WORK TO BE COMPLETED –
In this exercise, print only the lines of the records below from the one with "恩比德是约基奇夺得MVP的最" through the one with "cat silhouette 1664x2944", inclusive. Pictures are not part of the copy.

DATASET CONTENT –
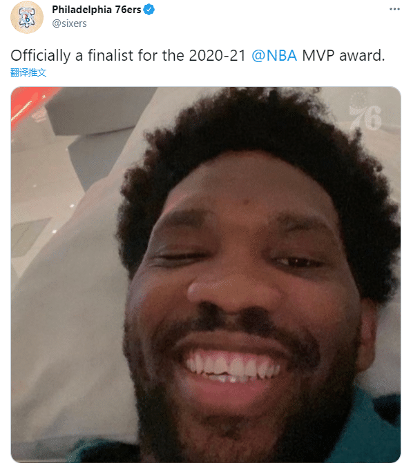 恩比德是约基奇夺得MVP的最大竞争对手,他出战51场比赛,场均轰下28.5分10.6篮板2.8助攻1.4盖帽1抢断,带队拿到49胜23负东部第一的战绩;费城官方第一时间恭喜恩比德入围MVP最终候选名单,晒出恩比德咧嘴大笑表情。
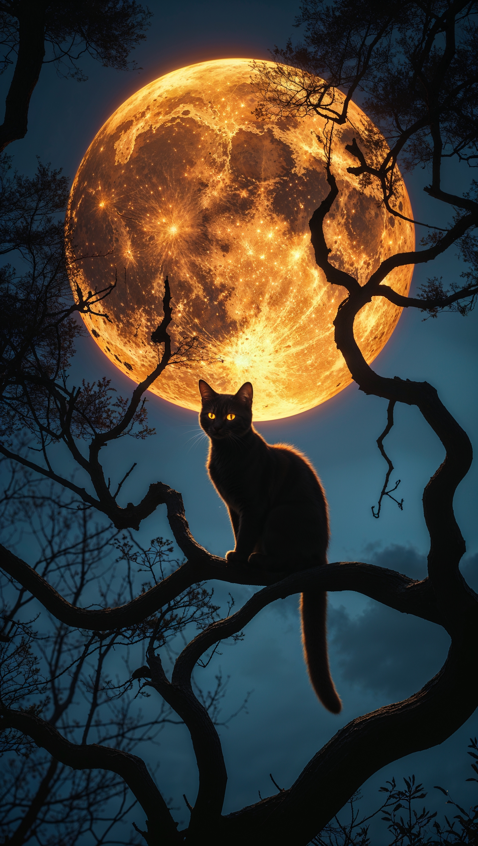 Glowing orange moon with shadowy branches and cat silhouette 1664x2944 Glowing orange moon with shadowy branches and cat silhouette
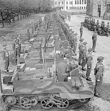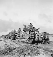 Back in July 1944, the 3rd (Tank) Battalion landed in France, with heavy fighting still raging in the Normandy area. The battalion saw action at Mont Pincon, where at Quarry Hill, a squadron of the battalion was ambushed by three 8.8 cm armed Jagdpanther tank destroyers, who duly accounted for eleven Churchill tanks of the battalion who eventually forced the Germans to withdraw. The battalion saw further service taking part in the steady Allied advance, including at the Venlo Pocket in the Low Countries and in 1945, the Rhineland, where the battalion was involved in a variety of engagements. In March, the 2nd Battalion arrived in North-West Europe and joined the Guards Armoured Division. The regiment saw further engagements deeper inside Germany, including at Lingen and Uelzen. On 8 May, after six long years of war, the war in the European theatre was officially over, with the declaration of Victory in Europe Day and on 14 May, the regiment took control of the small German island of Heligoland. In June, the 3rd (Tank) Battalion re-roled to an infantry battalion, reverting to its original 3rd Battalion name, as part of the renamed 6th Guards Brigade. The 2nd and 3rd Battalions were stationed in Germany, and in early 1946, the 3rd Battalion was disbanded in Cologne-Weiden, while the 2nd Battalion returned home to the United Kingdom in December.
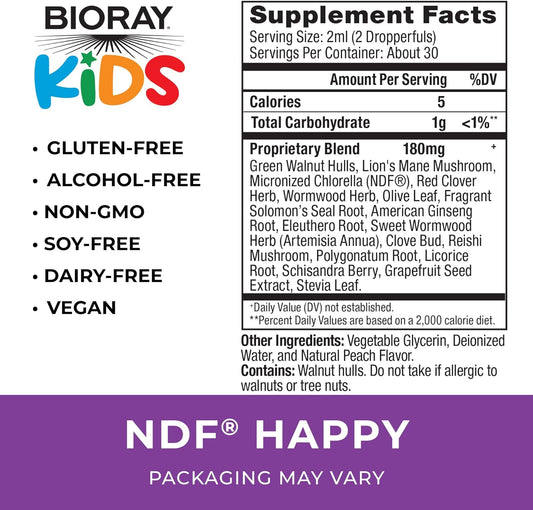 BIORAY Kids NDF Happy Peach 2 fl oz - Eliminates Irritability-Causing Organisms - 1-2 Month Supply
* * *
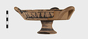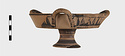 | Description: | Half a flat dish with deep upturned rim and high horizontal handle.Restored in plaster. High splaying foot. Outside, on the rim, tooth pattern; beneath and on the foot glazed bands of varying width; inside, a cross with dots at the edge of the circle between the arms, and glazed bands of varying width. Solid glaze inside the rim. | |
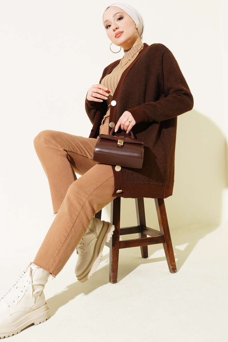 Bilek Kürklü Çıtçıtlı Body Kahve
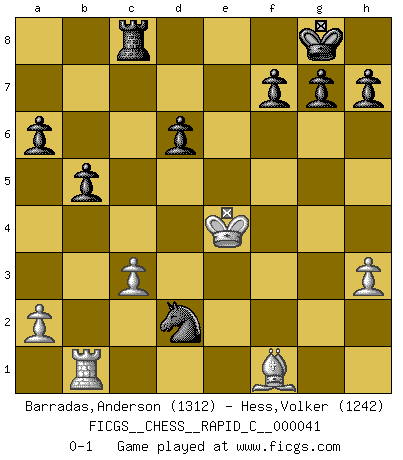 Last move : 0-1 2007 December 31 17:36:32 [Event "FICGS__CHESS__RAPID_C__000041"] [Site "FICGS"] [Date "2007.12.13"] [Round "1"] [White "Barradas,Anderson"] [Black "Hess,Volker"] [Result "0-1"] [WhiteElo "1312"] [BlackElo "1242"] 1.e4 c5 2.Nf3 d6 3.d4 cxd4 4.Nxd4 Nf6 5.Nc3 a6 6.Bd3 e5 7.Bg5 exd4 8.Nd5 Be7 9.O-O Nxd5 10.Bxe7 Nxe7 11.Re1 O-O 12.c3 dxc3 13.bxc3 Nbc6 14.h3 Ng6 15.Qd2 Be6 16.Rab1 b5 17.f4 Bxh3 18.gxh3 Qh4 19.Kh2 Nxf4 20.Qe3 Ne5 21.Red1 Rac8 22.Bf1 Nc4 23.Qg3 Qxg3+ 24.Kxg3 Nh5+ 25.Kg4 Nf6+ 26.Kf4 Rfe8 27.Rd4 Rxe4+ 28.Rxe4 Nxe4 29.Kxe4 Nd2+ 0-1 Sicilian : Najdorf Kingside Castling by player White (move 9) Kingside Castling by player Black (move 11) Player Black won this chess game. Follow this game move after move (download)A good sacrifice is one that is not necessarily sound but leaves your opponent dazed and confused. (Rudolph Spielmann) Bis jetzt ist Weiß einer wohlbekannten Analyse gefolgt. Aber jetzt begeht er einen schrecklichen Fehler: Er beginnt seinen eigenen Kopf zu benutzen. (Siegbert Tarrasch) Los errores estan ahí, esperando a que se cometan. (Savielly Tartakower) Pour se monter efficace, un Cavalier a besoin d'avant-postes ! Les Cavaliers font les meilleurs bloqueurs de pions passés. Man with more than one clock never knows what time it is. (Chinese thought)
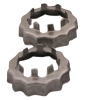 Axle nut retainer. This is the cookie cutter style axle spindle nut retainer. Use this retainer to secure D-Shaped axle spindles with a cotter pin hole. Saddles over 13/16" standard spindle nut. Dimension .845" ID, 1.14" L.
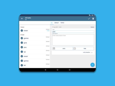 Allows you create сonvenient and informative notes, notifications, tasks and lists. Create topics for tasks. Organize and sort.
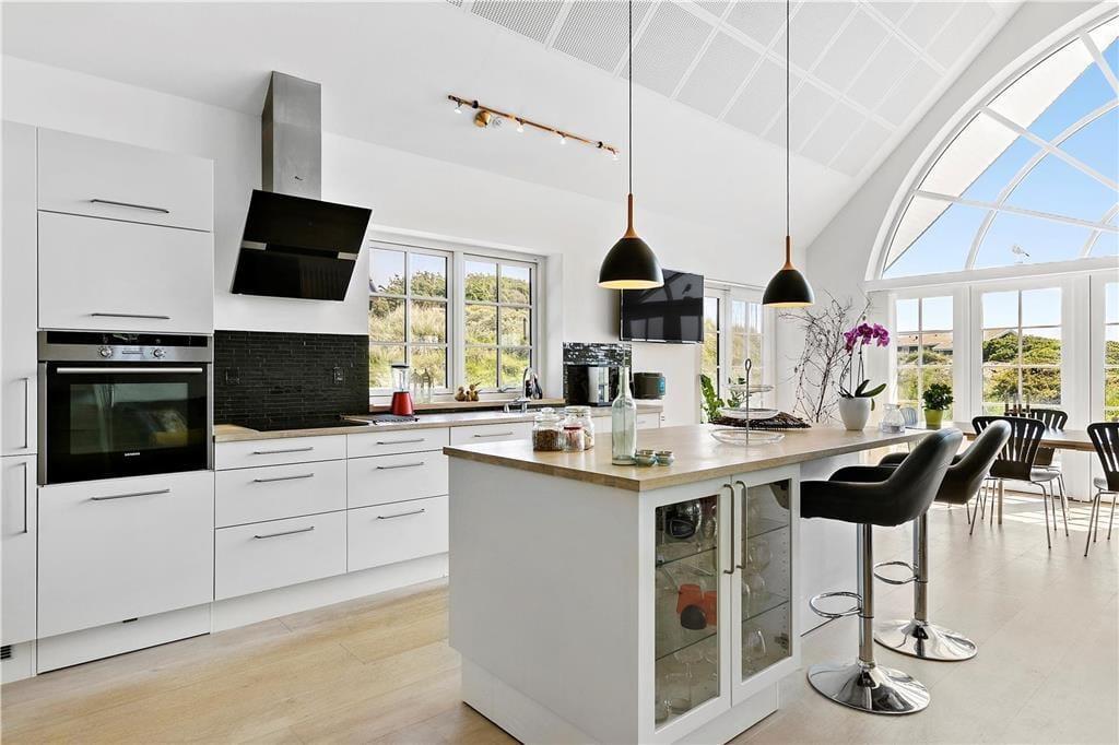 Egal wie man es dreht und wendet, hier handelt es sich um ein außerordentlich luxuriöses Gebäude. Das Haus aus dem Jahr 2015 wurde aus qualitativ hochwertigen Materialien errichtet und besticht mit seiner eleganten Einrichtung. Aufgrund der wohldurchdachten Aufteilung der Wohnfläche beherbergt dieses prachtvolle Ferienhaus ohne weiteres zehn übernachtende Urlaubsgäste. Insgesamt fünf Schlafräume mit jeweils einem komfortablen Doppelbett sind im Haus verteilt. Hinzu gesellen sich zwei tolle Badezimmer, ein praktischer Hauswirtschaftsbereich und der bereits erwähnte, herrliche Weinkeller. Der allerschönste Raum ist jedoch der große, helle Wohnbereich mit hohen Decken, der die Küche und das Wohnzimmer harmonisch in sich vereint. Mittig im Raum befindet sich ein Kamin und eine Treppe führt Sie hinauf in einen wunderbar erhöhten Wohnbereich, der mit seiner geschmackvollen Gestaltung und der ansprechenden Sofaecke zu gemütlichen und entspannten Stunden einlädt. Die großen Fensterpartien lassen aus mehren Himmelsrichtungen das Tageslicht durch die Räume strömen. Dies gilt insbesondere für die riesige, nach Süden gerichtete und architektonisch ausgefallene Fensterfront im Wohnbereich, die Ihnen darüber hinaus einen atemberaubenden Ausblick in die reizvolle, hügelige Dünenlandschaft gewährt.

OUTPUT FOR THIS EXERCISE –
 恩比德是约基奇夺得MVP的最大竞争对手,他出战51场比赛,场均轰下28.5分10.6篮板2.8助攻1.4盖帽1抢断,带队拿到49胜23负东部第一的战绩;费城官方第一时间恭喜恩比德入围MVP最终候选名单,晒出恩比德咧嘴大笑表情。
 Glowing orange moon with shadowy branches and cat silhouette 1664x2944 Glowing orange moon with shadowy branches and cat silhouette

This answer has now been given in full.